Can you write out every line from the start of the records below through the line containing "This handmade polymer", leaving out any pictures?

[[ Recorded information open ]]

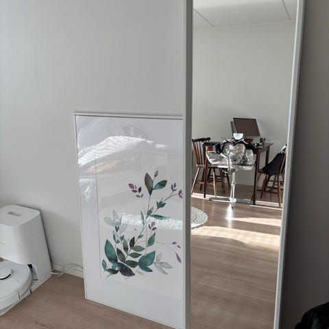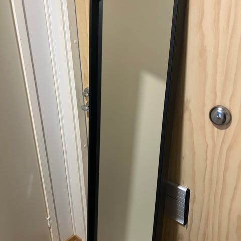 Ikean Nissedal mustakehyksinen peili. Mitat 150 x 65 cm, asennettavissa pystyyn tai vaakaan, voi kiinnittää seinälle tai pitää lattialla.
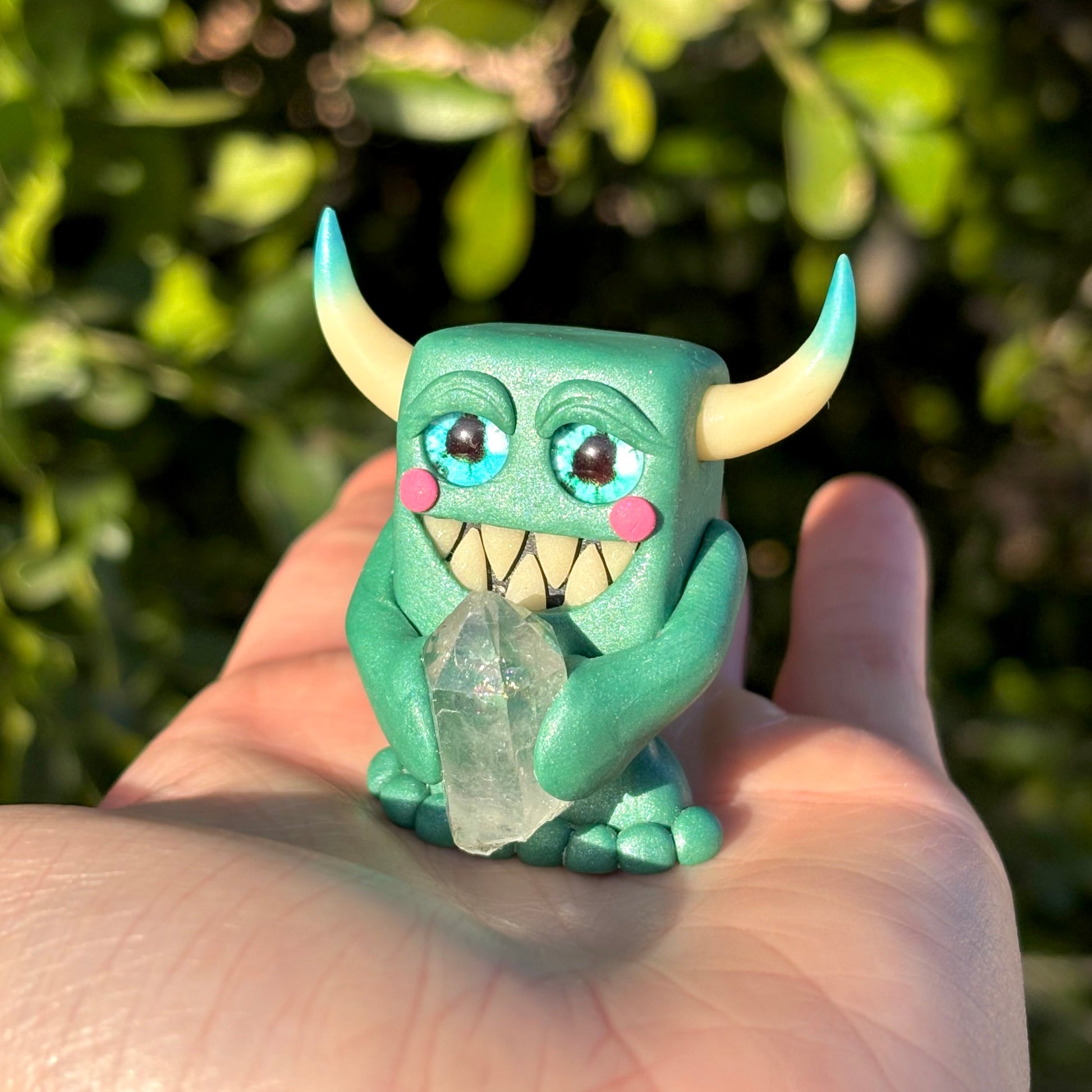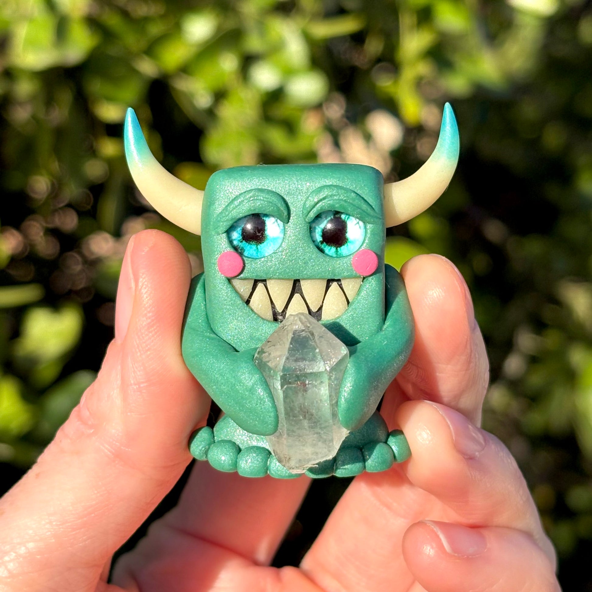 This handmade polymer clay Gem-lin figurine is holding a beautiful Quartz point.
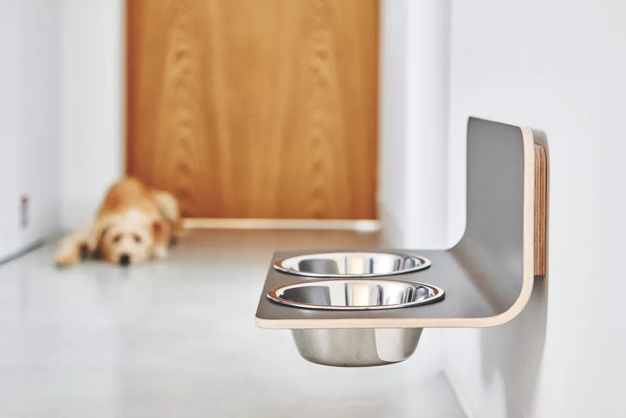De Acro hondenvoerbak wand small/medium van MiaCara is 35,2 centimeter lang, 21,7 centimeter breed en 15 centimeter hoog. De twee roestvrijstalen kommen hebben elk een inhoud van 0,4 liter en hebben een binnendiameter van 12 centimeter. De Arco hondenvoerbak wand small/medium is gemaakt van gebogen multiplex met een coating van hogedruklaminaat en kan afgenomen worden met een zacht doekje. De wand is verkrijgbaar in twee kleuren. De twee kommen zijn gemaakt van geborsteld roestvrijstaal en zijn geschikt voor de vaatwasser.
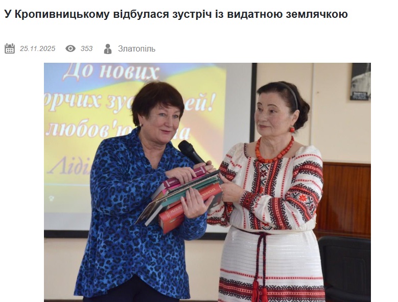 У Кропивницькому відбулася зустріч із видатною землячкою // Златопіль. – Режим доступу: https://zlatopil.com/all-news/u-kropyvnytskomu-vidbulasya-zustrich-iz-vydatnoyu-zemlyachkoyu. – Дата публікації: 25.11.2025.
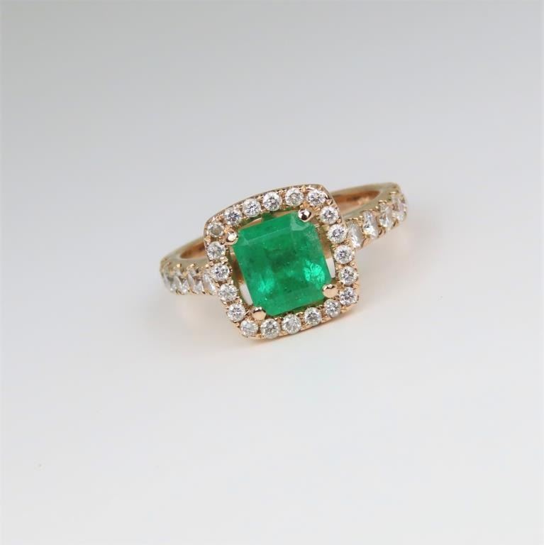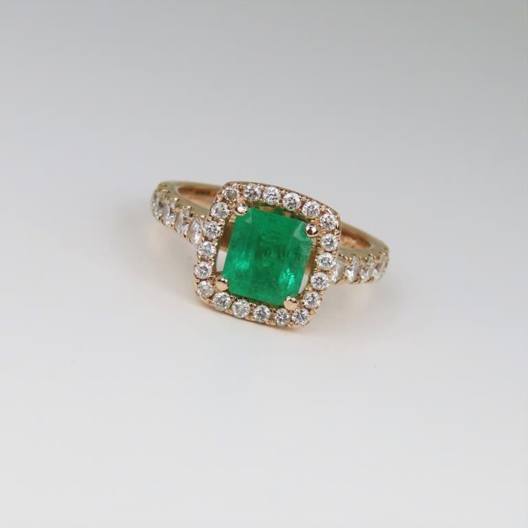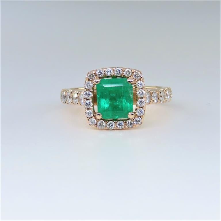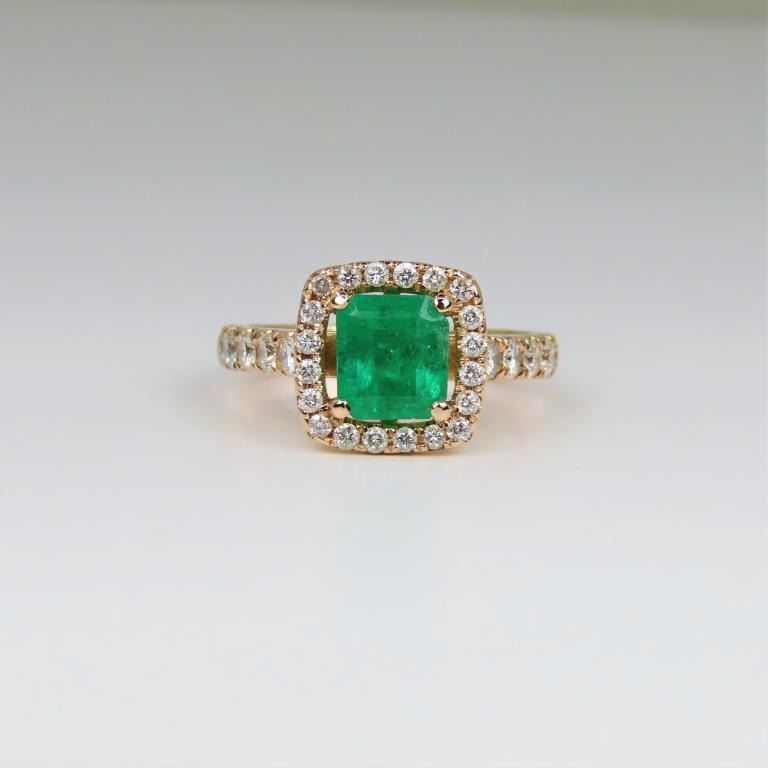 featuring a rich vivid green cushion cut Emerald weighing approx. 1.50 carats studded with 28 ‘IDEAL’ cut Diamonds weighing approx. 1.00 carat with F-G color and VS clarity set a 14 karat Rose Gold setting. Retail $5,000-$6,000
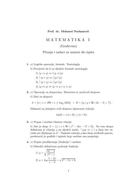 Text of www2 pitanja matematika ii. Pitanja (73 79) iz oblasti predvienih za obradu kroz seminarske radove studenata : U utorak u prijepodnevnim satima na stranici kolegija bit će objavljena ogledna zadaća za mi. Matematika 2 održavat će se u utorak i u srijedu.
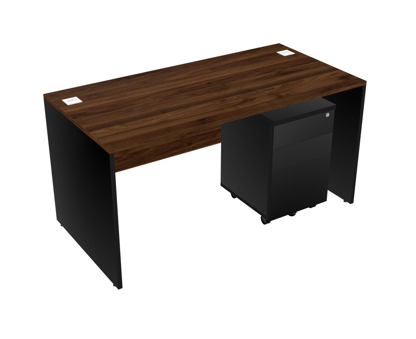 Columbia Walnut Rectangular Office Desk Plus Black Wooden Mobile Drawers
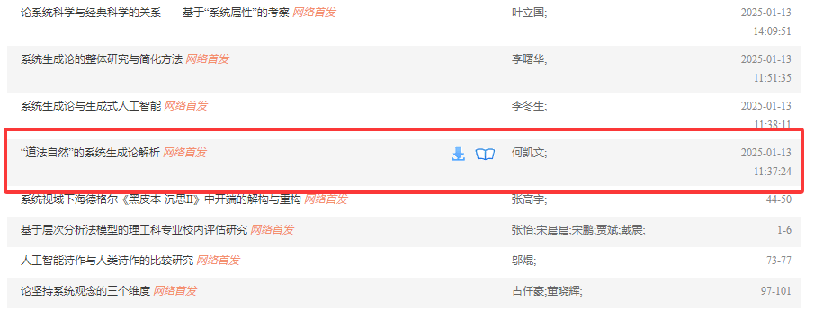 TapTap点点公管系何凯文博士在核心期刊《系统科学学报》2025年1期发表论文《“道法自然”的系统生成论解析》(现处于网络首发)。《系统科学学报》现为北大核心期刊和CSSCI来源期刊。
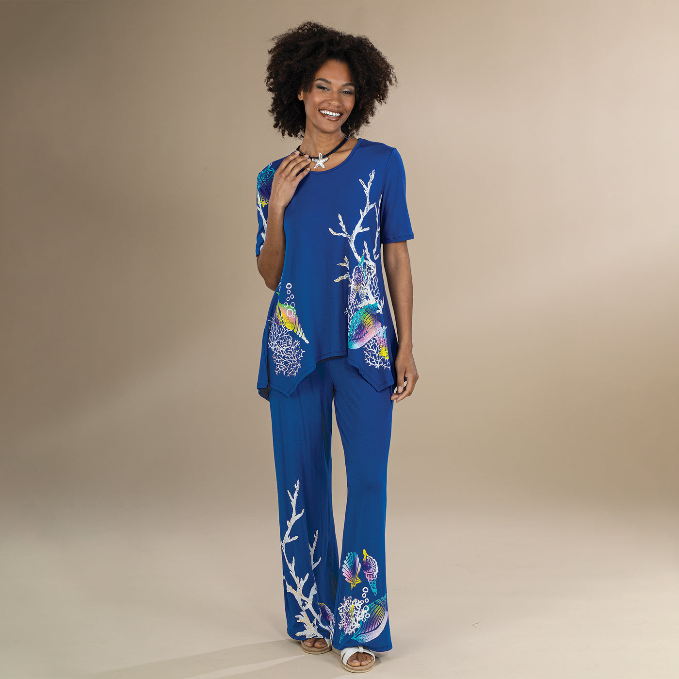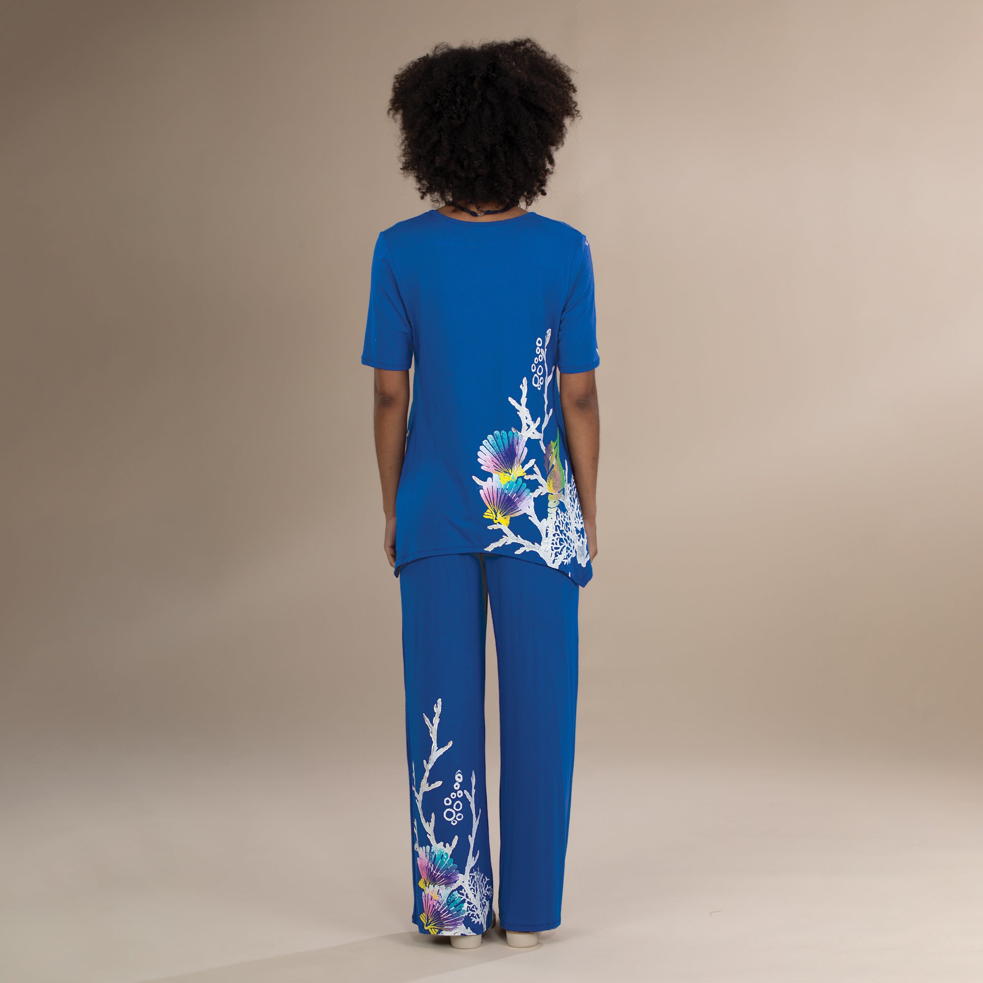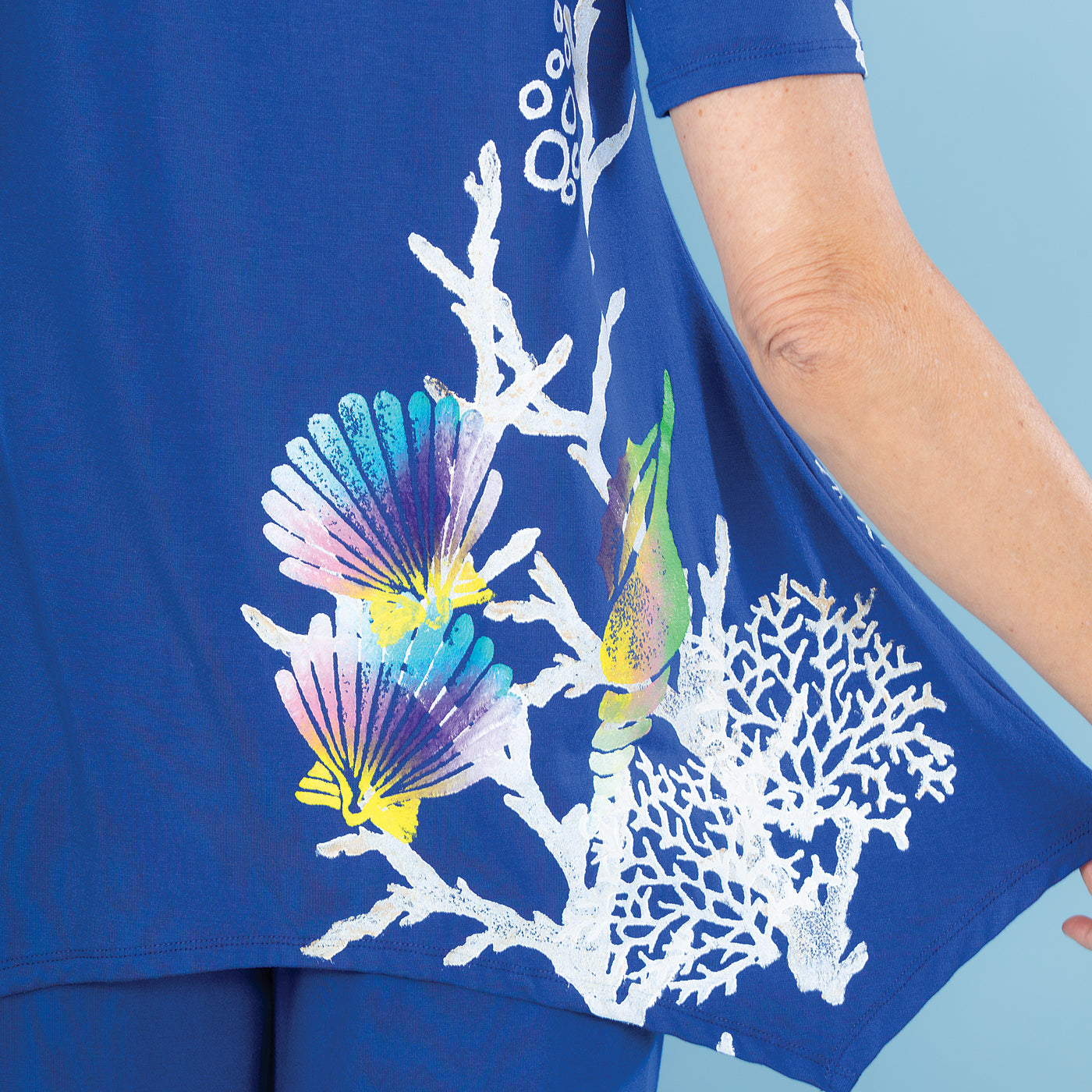 This ocean-inspired blouse, created by artisan Raffi of Los Angeles, is deep blue, with hand-painted coral and rainbow-colored shells. Pairs perfectly with the Coastal Chic Pants. Short sleeves, knit rayon spandex mix. Handcrafted exclusively for Uno Alla Volta, from the hearts and hands of artisans. Matching pants available. Available in: S 6-8, M 10-12, L 14-16, XL-18, 1X-20, 2X 22-24, 3X 26-28.

[[ Recorded information closed ]]

● Written answer
 Ikean Nissedal mustakehyksinen peili. Mitat 150 x 65 cm, asennettavissa pystyyn tai vaakaan, voi kiinnittää seinälle tai pitää lattialla.
 This handmade polymer clay Gem-lin figurine is holding a beautiful Quartz point.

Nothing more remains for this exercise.